The world’s unemployment rate spiked in 2020 due to the novel coronavirus pandemic and the unprecedented social distancing measures that government officials have enacted to try to slow its spread.
Through no fault of their own, millions of Africans have suddenly found themselves out of work, and the unemployment rate continues to grow as of December. This is especially affecting people who interact with customers face-to-face: bartenders, waiters, retail sales personnel, hotel staff, and many, many others. The implications are massive – for individuals, companies, and our entire society.
Managing debt while you’re unemployed adds a layer of stress to difficult circumstances. But skipping payments will lead to more trouble in the future, including a shattered credit score if you reside in a developed country.

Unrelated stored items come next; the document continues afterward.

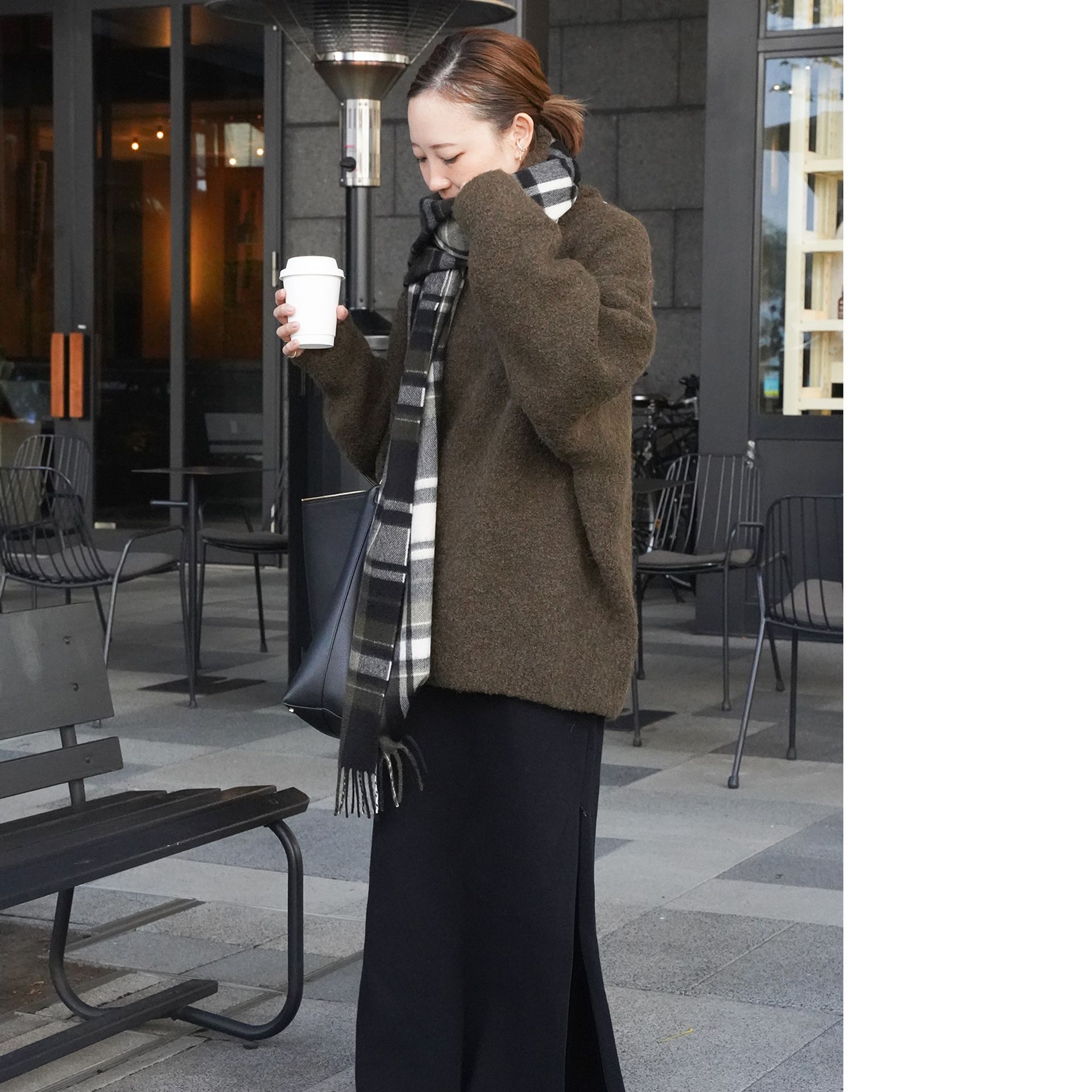 少し長めの着丈なので、敢えてロング丈のスカートを合わせて重みのあるIラインに。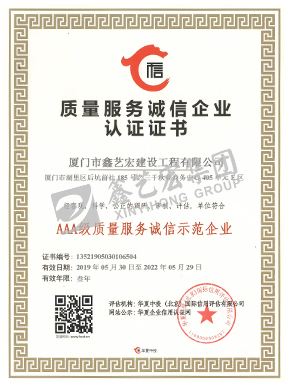 廈門市鑫藝宏建設(shè)工程有限公司---國家一級資質(zhì)企業(yè),自2004年成立以來,以卓越的品質(zhì)和一流的服務(wù)領(lǐng)先行業(yè),逐步擴展成多元化的現(xiàn)代化綜合型企業(yè)。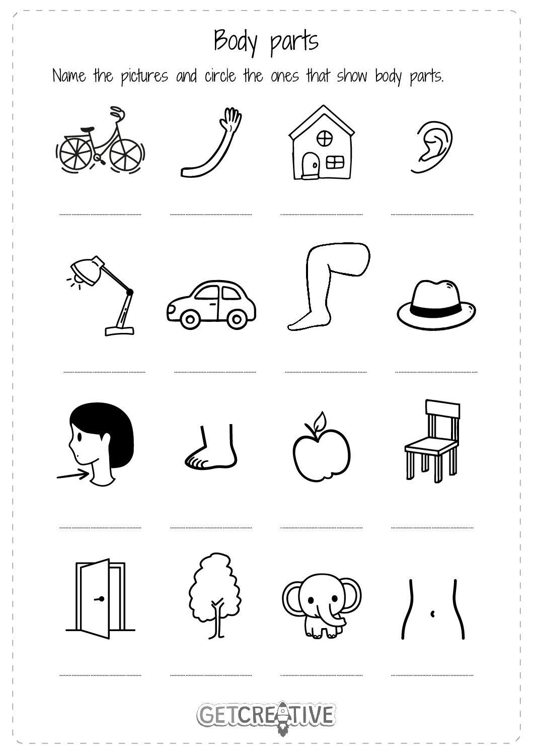 Karta pracy do powtórzenia części ciała. Należy je wyszukać oraz nazwać.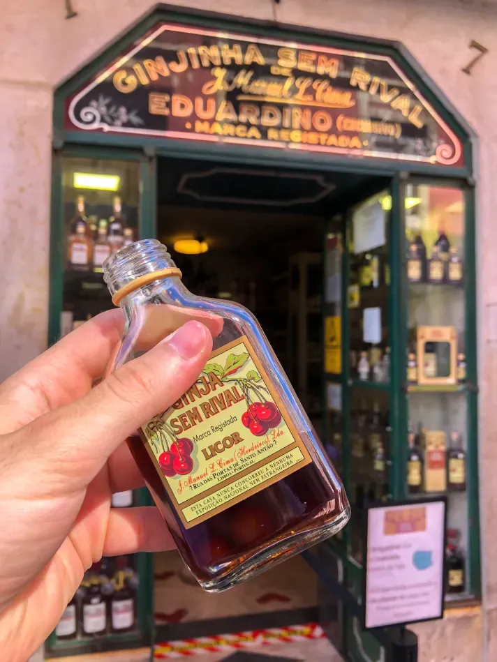 E poi c’è la ginjinha, un liquore alla ciliegia che si sorseggia nei piccoli bar del centro. Dolce, intenso, leggermente alcolico: il modo migliore per chiudere una giornata tra le stradine illuminate da luci calde.

Ask your credit card companies for help during these uncertainties, which could come in the form of lowered interest rates, reduced monthly payments, or a temporary break from payments. All of these options can help you continue to pay down credit card debt even on a strict budget.
You also can get help negotiating with creditors from a nonprofit credit counseling agency. But take caution when looking into certain debt-relief options, including debt settlement. Here are five (5) tips you need to know about handling the credit card debt loophole if you’re unemployed.

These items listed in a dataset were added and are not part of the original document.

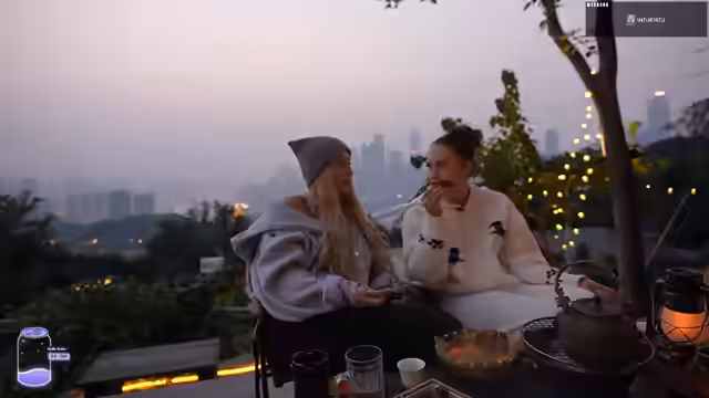 00:13:46Die Streamerin befindet sich mit Begleitpersonen in einem traditionellen chinesischen Teehaus mit beeindruckender Skyline. Sie bestellt traditionellen Tee und Barbecue, während sie die Aussicht geniest. Dabei wird die ungewöhnliche Atmosphäre geschildert, einschließlich eines süßen Hundes im Raum. Die Streamerin drückt ihre Freude über diese besondere Location aus und erwähnt, dass sie genug Raum und eine eigene Plattform haben, um niemanden zu stören.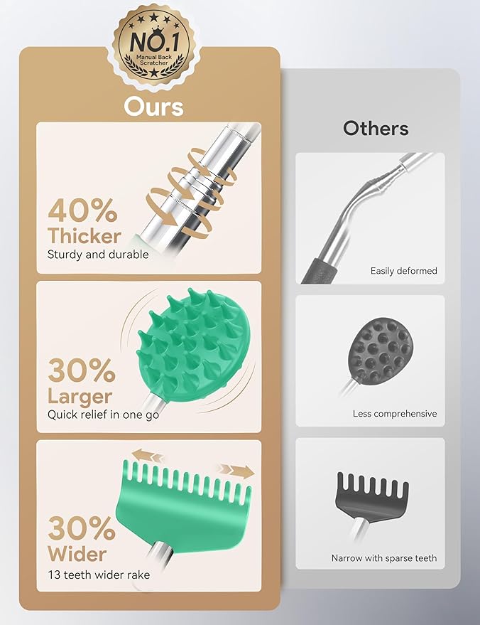 - Perfect Gift Ready: Beautifully gifted box, no wrapping needed. This 4-in-1 back scratcher includes 4 detachable heads for back, neck, scalp, and beard. Great as Christmas gifts, stocking stuffers, or White Elephant presents for anyone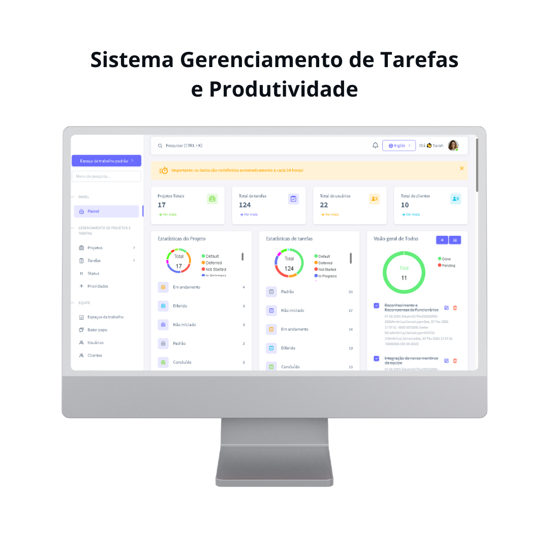 Visualize projetos, tarefas e métricas de produtividade em um painel intuitivo. Acompanhe aniversários da equipe, datas importantes e membros em licença.

- File for unemployment benefits as soon as possible.
- Contact your credit card issuers and other lenders if you’re having trouble keeping up with your bills. Many card issuers are offering relief in the form of fee waivers and deferred payments. Ideally, you’ll be able to do so without incurring additional interest, so ask about that.

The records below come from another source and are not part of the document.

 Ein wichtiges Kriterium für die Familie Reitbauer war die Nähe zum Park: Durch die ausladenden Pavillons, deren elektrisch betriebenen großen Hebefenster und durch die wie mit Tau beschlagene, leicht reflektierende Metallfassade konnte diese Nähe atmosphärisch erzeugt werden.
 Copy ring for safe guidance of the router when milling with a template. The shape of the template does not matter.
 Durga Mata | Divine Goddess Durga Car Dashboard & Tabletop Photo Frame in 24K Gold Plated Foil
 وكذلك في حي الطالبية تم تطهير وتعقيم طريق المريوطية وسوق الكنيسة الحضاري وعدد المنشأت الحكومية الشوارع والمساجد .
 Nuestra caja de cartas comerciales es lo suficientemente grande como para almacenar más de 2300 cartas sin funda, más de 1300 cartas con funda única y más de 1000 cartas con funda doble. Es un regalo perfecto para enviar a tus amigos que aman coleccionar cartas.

- Protect your credit score, too. Lender-approved modifications such as skipping a payment should not hurt your credit, nor should more formal forbearance and disaster notations on your credit file.
- Avoid Adding to Your Debt. It may be tempting to use credit cards to pay for essentials when you’re not earning income. But dealing with an unexpected period of unemployment is an example of why it’s so important to maintain an emergency fund.
- Create a Monthly Budget. While unemployed, make a budget that you’ll stick to. This can help you spend as little as possible while ensuring you meet your monthly obligations.